The Presidential Library is the largest single library investment in the history of Turkish Republic. It also is the first library in Turkey to use integrated book conveyor system.

Famous patrons 

People who donated to the Library from their personal collection include: 
 President Erdoğan,
 Ambassadors of Uzbekistan, India, Chile, China, France, and Belarus,
 Historian İlber Ortaylı,
 Literary critic and historian Abdülbaki Gölpınarlı,  
 Oud master and composer Cinuçen Tanrıkorur, 
 Author Şefik Can, 
 Restaurateur Mehmet S. Tezcakin,
 Former Minister Hasan Celal Güzel, 
 Author and journalist Mehmed Şevket Eygi, 
 Art historian Mustafa Kamil Dürüst,
 Poet Mustafa Şerif Onaran,
 Director Muhsin Mete,
 Publisher Saman-Hatice Helvacıoğlu, and
 Sociologist Cemil Meriç.

In addition, French President Emmanuel Macron sent a special envoy to propose collaboration between the Presidential Library and his country's national library in the field of literature.

Accessibility 
The Presidential Library is designed to be accessible with wheelchair, and the country's leading telecommunications companies, Turkcell and Türk Telekom, prepared technology rooms for visually- and hearing-impaired users.

Cihannuma Hall 

The Cihannuma (World Atlas) Hall, decorated with 16 columns representing the 16 Great Turkic Empires, houses a collection of 200,000 books and has a seating capacity for 224 readers at a time in an area of 3,500 square meters. The dome of the Cihannuma Hall is 32 meters high and 27 meters wide.
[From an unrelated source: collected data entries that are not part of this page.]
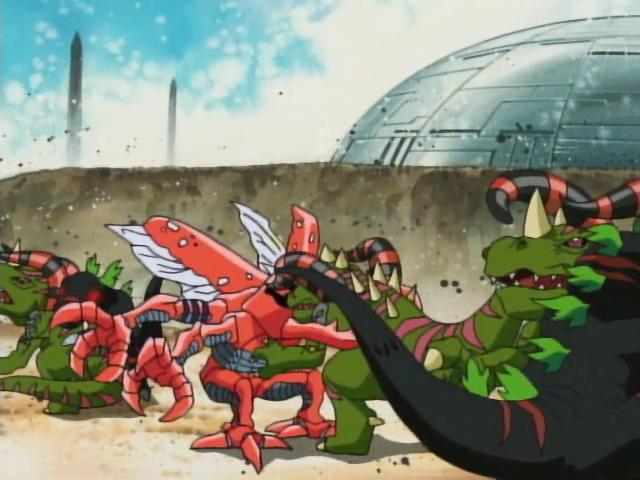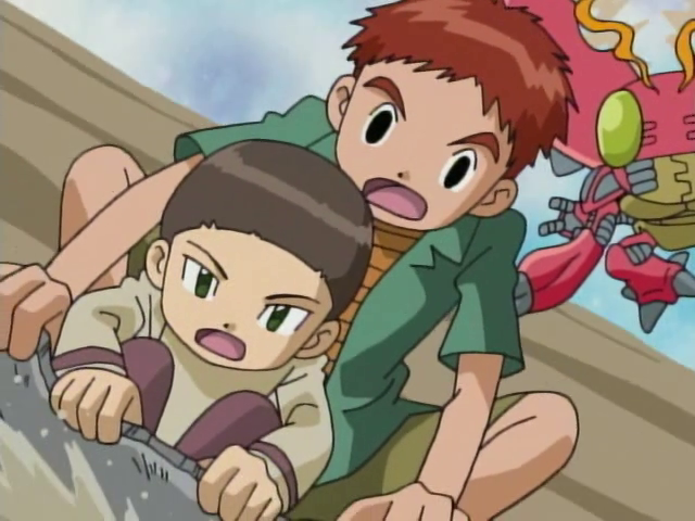 Déterminés à lutter contre le Digimon Kaiser, les Enfants Élus se sont élancés une nouvelle fois au Digital World en se séparant en petits groupes afin d’inspecter plus de territoires contrôlés. Daisuke, Taichi et Hikari sont partis du côté de l’océan, Yamato, Takeru et Miyako dans la forêt tandis que Kôshirô et Iori se sont dirigés vers le désert. Ce dernier groupe est en train d’escalader une falaise quand le cadet dérape et manque de tomber mais l’aîné le rattrape in extremis. Tentomon annonce peu après avoir aperçu quelque chose au sommet. Les garçons se dépêchent de le rejoindre et aperçoivent en contrebas de multiples Dark Towers ainsi que de nombreux digimon, tous portant un Evil Ring. Au loin apparait une silhouette imposante particulière d’où émergent d’autres digimon. Ils se mettent alors à se battre entre eux, purement animés par des instincts animaliers. Iori en est horrifié et Armadimon remarque par où ils sont arrivés. Kôshirô suppose que le bâtiment pourrait être la base de leur ennemi. Il aperçoit soudain que les digimon les ont vu et panique. Par réflexe, le garçon saisit son digivice mais se rend bien compte que Tentomon ne pourra jamais évoluer.
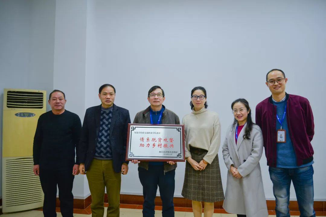 1月11日,順昌縣洋墩鄉(xiāng)黨委書記施萍;順昌縣洋墩鄉(xiāng)黨委副書記、連墩村第一書記龍成忠;順昌縣洋墩鄉(xiāng)連墩村村主任蘇家寬一行來(lái)到我院,對(duì)我院在脫貧攻堅(jiān)上所做的工作表示感謝。授予我校“情系脫貧攻堅(jiān)、助力鄉(xiāng)村振興”牌匾。
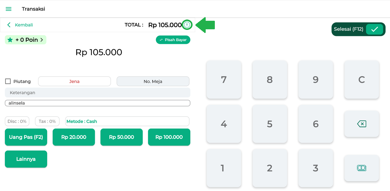 - Klik ikon ⓘ (informasi) di samping total transaksi untuk melihat rincian transaksi, termasuk biaya layanan, diskon, dan pajak (jika ada).

Verses four and five of sura al-Alaq from the Quran, the first to be revealed to Muhammad, on the significance of reading and writing are inscribed on the dome of the hall: "O, kalemle yazmayı öğretendir, insana bilmediğini öğretendir" (He is the one who taught how to write with a pen, taught the human being what he did not know).
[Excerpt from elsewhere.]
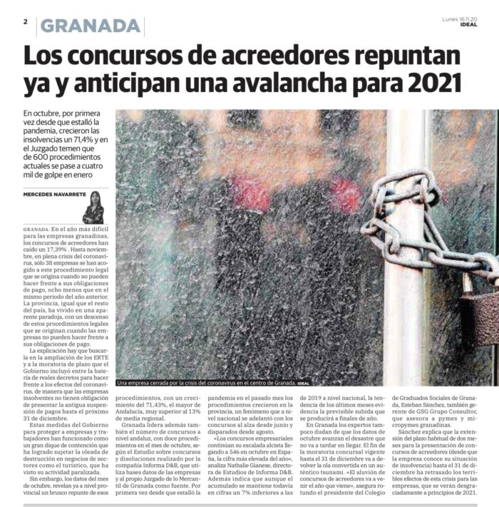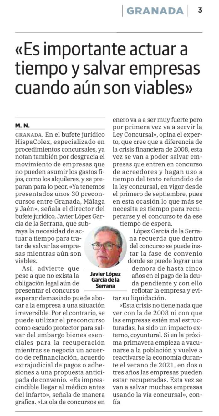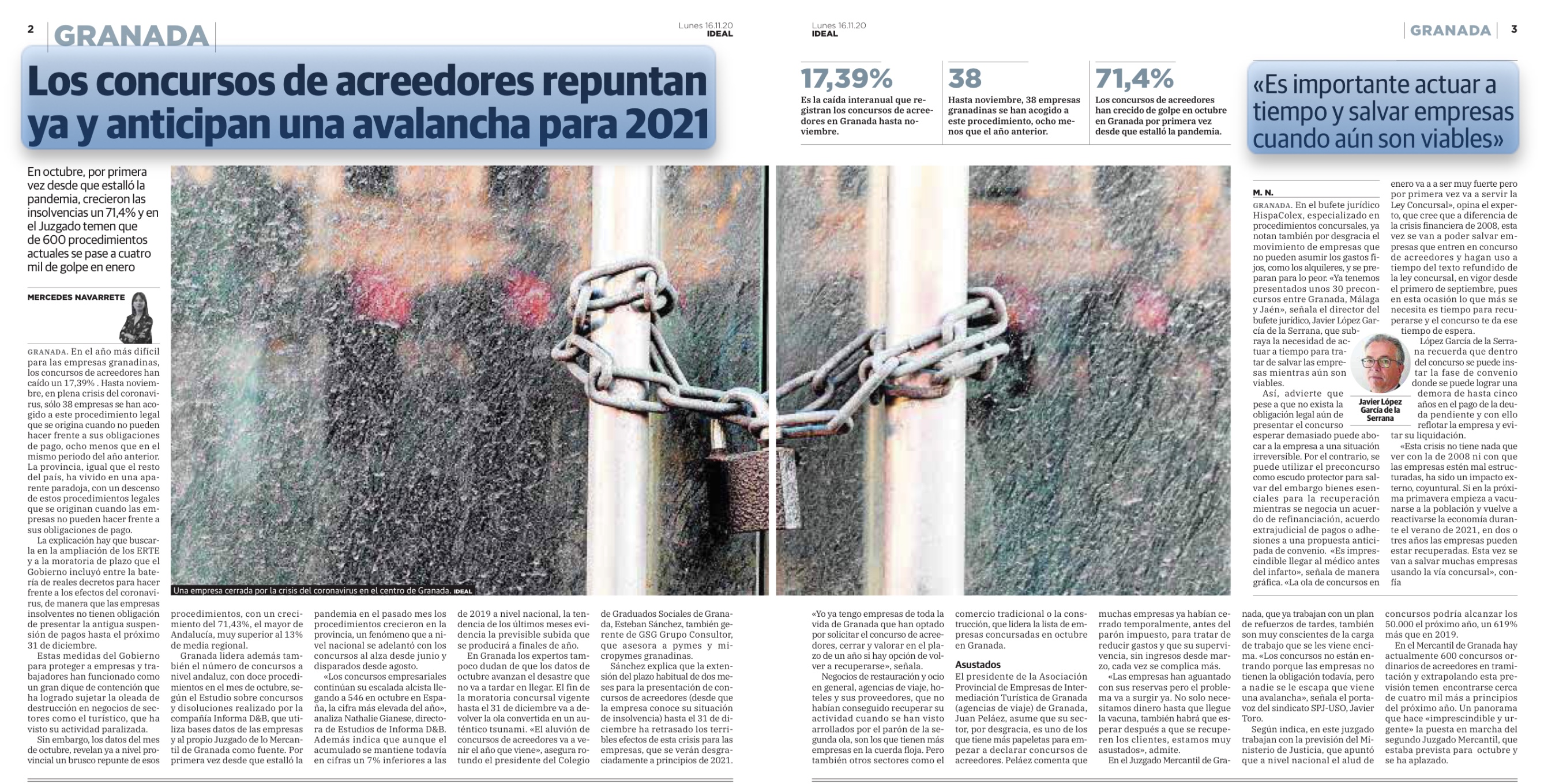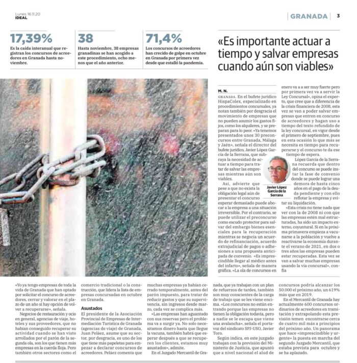 El diario IDEAL dedica un reportaje a doble página al incremento esperado de concursos de acreedores motivado por la crisis económica y realiza una entrevista a Javier López y García de la Serrana, director de HispaColex, Bufete que cuenta con un Departamento de Derecho Concursal integrado por abogados y economistas expertos en la materia.

Books brought in collaboration with the Foreign Ministry on the culture and history of the countries where Turkey has a diplomatic mission are displayed in the World Library inside Cihannuma Hall.

Collections and exhibits

The Rare Books Library 

The Rare Books Library contains 50 thousand books, including Abdülbaki Gölpınarlı manuscripts and Mehmet Şevket Eygi Collections.

Research Library 
 

The Research Library has a collection of nearly 20 thousand books and 20 group study rooms.

Nasreddin Hodja Children's Library 

The Nasreddin Hodja Children's Library, named after the famous Seljuk satirist Nasreddin Hodja, is available for readers between the ages five and ten, with its collection of 25 thousand books and a multimedia section. The Children's Library provides activities related to traditional Turkish arts.

Youth Library 

The Youth Library, which is available for readers between the ages ten and fifteen, has a collection of 12 thousand books, and contains individual and group study rooms.

Multimedia Library 
The Multimedia Library contains 12 individual study rooms for four digital rooms that are equipped with touchscreen monitors and offer access to TRT archives and nearly 10 thousand audio-vision materials.

Periodicals Hall 
The Periodicals Hall has a collection of 1,550 magazines and newspapers and offers access to 90-day archive of 7,000 dailies and magazines from 120 countries in 60 languages in full page on touchscreen monitors that also features catalog search.

Reading Rooms 
The Reading Rooms have a collection of 300,000 books and 32 group study rooms and 8 lounges.

Conference Hall 
The Conference Hall, with its four simultaneous interpretation cabins, is designed to host international conferences and meetings.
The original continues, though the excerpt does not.